[[ Data for review open ]]

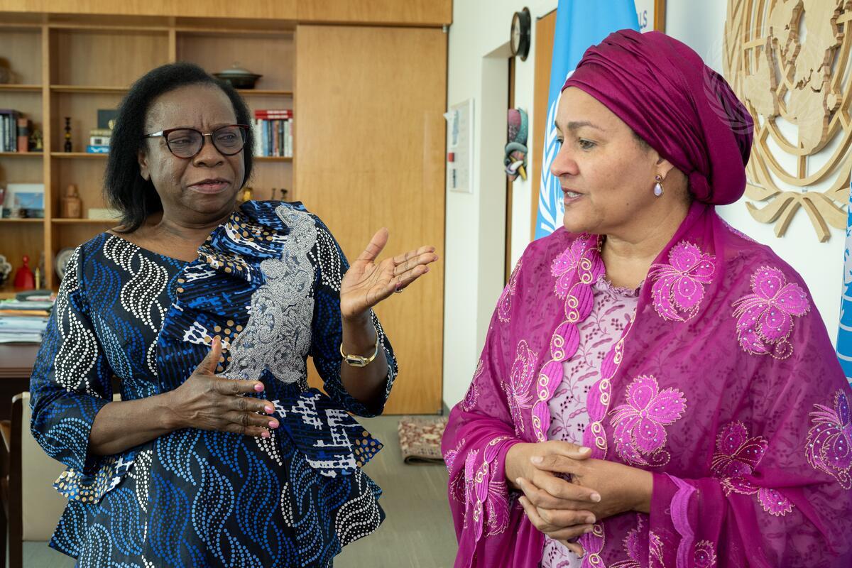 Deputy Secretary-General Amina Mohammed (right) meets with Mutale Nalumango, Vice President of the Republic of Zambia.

[[ Data for review closed ]]
[[ Data for review open ]]

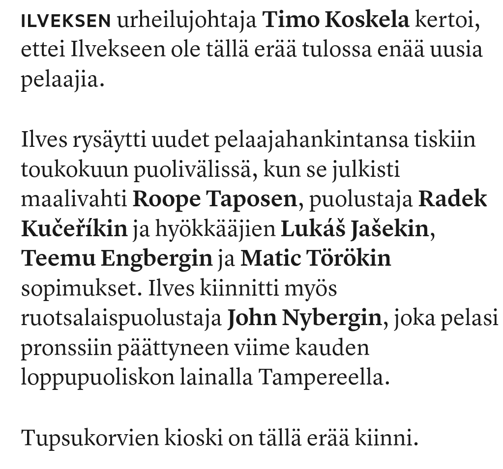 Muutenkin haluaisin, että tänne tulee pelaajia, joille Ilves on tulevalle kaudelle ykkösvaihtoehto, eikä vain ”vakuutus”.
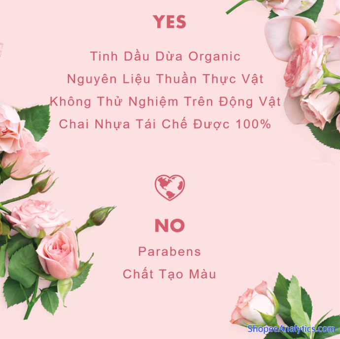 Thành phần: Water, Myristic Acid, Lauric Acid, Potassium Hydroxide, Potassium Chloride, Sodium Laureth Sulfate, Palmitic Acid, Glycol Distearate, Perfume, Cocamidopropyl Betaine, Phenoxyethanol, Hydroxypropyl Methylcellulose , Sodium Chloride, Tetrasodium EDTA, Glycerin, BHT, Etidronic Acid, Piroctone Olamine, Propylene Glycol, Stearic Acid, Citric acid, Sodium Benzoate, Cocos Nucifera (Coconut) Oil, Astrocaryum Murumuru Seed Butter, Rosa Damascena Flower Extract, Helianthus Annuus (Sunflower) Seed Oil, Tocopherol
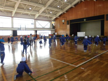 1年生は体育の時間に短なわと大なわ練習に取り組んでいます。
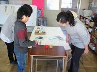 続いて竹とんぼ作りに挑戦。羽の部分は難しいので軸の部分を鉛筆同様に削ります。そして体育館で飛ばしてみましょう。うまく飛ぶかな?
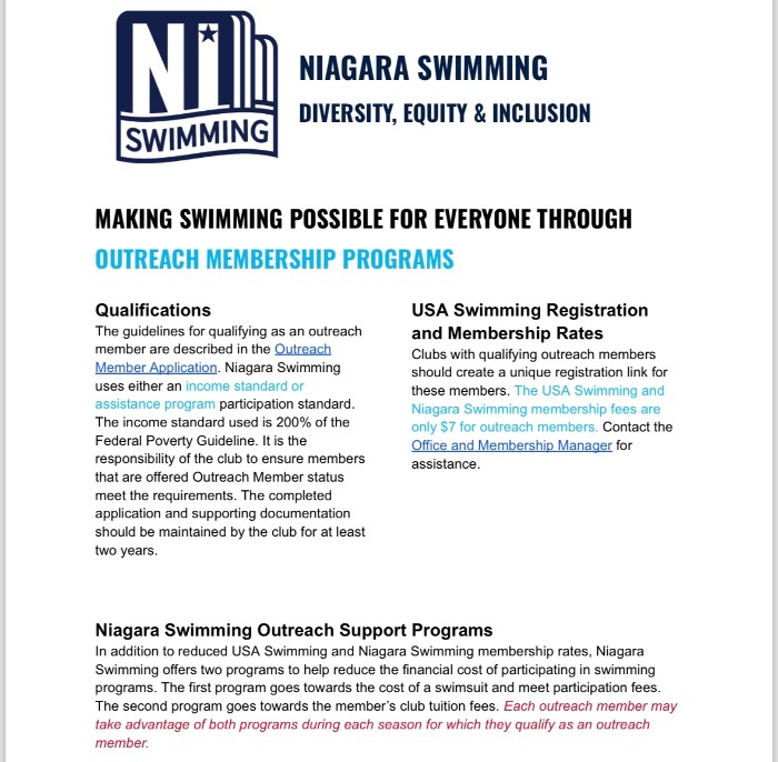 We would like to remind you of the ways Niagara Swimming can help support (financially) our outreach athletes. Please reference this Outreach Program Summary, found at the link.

[[ Data for review closed ]]

Aim of the task = Go to the line above that has "Thành phần: Water, Myristic" and copy exactly from there down to the line that has "We would like", both included. Leave the pictures out.

Expected output =
 Thành phần: Water, Myristic Acid, Lauric Acid, Potassium Hydroxide, Potassium Chloride, Sodium Laureth Sulfate, Palmitic Acid, Glycol Distearate, Perfume, Cocamidopropyl Betaine, Phenoxyethanol, Hydroxypropyl Methylcellulose , Sodium Chloride, Tetrasodium EDTA, Glycerin, BHT, Etidronic Acid, Piroctone Olamine, Propylene Glycol, Stearic Acid, Citric acid, Sodium Benzoate, Cocos Nucifera (Coconut) Oil, Astrocaryum Murumuru Seed Butter, Rosa Damascena Flower Extract, Helianthus Annuus (Sunflower) Seed Oil, Tocopherol
 1年生は体育の時間に短なわと大なわ練習に取り組んでいます。
 続いて竹とんぼ作りに挑戦。羽の部分は難しいので軸の部分を鉛筆同様に削ります。そして体育館で飛ばしてみましょう。うまく飛ぶかな?
 We would like to remind you of the ways Niagara Swimming can help support (financially) our outreach athletes. Please reference this Outreach Program Summary, found at the link.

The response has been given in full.